The disease cannot be ignored, as it can progress and can lead to complete isolation and severe aggression of the patient. First, you need to choose an individual approach to the patient, becoming a good friend for him. After this, through conversations and activities to develop fine motor skills, intellectual stimulation, with the help of even the most ordinary mosaics and pictures, the IQ level will gradually increase.

If treatment is successful, the patient will begin to make contact with other people and try to perceive incoming information. If this does not help or does not bring the desired result, medications are prescribed. If severe anxiety and panic attacks occur, the patient will be prescribed antidepressants.

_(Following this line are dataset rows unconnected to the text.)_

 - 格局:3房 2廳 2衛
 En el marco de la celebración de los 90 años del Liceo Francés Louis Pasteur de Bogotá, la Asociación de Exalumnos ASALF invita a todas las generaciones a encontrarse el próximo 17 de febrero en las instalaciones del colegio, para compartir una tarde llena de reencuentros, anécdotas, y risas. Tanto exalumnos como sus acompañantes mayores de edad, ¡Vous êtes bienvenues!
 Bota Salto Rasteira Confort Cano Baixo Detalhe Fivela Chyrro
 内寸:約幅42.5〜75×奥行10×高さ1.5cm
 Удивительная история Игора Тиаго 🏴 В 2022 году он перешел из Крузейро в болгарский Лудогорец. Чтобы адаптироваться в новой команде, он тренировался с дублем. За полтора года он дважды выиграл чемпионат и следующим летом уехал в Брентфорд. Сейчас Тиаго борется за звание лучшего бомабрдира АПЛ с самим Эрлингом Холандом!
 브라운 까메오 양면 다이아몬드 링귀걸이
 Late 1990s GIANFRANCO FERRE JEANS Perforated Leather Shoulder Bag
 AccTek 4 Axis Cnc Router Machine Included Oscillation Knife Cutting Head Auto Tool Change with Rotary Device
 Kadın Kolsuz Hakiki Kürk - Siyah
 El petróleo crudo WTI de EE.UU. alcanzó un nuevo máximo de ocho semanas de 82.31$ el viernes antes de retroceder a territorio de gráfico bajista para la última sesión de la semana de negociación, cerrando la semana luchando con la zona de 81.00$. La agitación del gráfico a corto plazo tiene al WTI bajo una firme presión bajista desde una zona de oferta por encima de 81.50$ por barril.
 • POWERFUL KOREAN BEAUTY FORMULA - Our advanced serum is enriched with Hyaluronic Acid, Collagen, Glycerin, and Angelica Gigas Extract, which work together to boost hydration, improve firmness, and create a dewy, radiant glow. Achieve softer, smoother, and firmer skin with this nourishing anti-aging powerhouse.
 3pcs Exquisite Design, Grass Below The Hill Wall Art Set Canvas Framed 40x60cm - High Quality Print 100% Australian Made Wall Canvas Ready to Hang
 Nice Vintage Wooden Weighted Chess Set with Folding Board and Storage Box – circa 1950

No matter how strange it may seem, autistic people quite often achieve success in the fields of mathematics and physics. They can ponder over some formula for quite a long time; thanks to their perseverance, they observe rare processes that subsequently lead to discoveries and breakthroughs in science. In addition, people with a mild form of the syndrome can become talented musicians, scientists, directors, models and actors. Bob Dylan, Isaac Newton and even the twentieth US President James Garfield are all examples of autism, which did not prevent it from becoming a legend and history.

If studies have shown that you suffer from autism, or your loved one is faced with this problem, you should not immediately think that life ends there. In conditions of normal social communication, in which there are understanding people and friends who are close in spirit to the sick person, a patient with a similar diagnosis can fully realize himself in the professional and personal sphere.